> [What the exercise asks] Nothing but an exact copy is asked for: the lines in the material below from the one with "Figure 7 shows" through the one with "A Caixa de Assistência", pictures excluded.

> [Supplied entries]

════════════════════

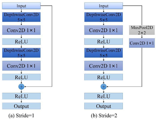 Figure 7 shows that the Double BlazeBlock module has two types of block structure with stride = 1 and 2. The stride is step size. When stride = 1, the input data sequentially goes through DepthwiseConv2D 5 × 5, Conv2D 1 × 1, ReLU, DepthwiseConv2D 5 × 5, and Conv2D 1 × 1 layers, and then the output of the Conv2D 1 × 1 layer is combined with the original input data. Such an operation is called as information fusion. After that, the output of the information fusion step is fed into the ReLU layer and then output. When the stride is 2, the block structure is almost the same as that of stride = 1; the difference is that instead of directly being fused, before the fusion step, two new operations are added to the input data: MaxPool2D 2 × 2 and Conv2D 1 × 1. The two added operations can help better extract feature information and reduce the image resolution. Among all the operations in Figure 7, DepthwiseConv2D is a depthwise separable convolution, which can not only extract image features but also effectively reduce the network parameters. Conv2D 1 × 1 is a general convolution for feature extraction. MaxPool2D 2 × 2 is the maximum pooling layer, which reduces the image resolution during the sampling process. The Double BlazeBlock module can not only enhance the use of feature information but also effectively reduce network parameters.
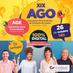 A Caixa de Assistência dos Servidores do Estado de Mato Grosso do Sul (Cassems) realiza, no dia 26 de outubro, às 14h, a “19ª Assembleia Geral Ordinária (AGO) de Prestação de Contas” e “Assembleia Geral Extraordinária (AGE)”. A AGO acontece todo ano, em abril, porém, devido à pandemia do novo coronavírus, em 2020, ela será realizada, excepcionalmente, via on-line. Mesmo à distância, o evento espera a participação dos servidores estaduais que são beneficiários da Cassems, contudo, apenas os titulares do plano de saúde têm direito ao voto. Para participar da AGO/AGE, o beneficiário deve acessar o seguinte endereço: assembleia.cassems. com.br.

════════════════════

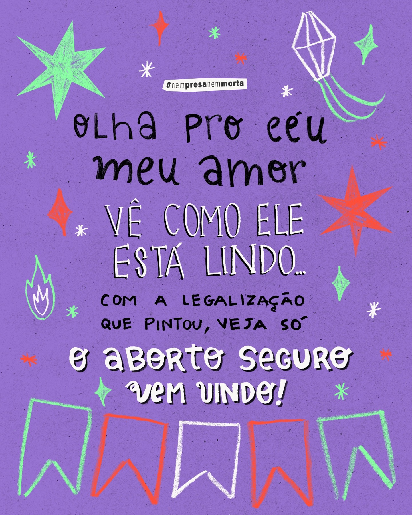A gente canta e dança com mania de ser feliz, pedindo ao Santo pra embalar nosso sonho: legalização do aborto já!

════════════════════

> [Answer area]
 Figure 7 shows that the Double BlazeBlock module has two types of block structure with stride = 1 and 2. The stride is step size. When stride = 1, the input data sequentially goes through DepthwiseConv2D 5 × 5, Conv2D 1 × 1, ReLU, DepthwiseConv2D 5 × 5, and Conv2D 1 × 1 layers, and then the output of the Conv2D 1 × 1 layer is combined with the original input data. Such an operation is called as information fusion. After that, the output of the information fusion step is fed into the ReLU layer and then output. When the stride is 2, the block structure is almost the same as that of stride = 1; the difference is that instead of directly being fused, before the fusion step, two new operations are added to the input data: MaxPool2D 2 × 2 and Conv2D 1 × 1. The two added operations can help better extract feature information and reduce the image resolution. Among all the operations in Figure 7, DepthwiseConv2D is a depthwise separable convolution, which can not only extract image features but also effectively reduce the network parameters. Conv2D 1 × 1 is a general convolution for feature extraction. MaxPool2D 2 × 2 is the maximum pooling layer, which reduces the image resolution during the sampling process. The Double BlazeBlock module can not only enhance the use of feature information but also effectively reduce network parameters.
 A Caixa de Assistência dos Servidores do Estado de Mato Grosso do Sul (Cassems) realiza, no dia 26 de outubro, às 14h, a “19ª Assembleia Geral Ordinária (AGO) de Prestação de Contas” e “Assembleia Geral Extraordinária (AGE)”. A AGO acontece todo ano, em abril, porém, devido à pandemia do novo coronavírus, em 2020, ela será realizada, excepcionalmente, via on-line. Mesmo à distância, o evento espera a participação dos servidores estaduais que são beneficiários da Cassems, contudo, apenas os titulares do plano de saúde têm direito ao voto. Para participar da AGO/AGE, o beneficiário deve acessar o seguinte endereço: assembleia.cassems. com.br.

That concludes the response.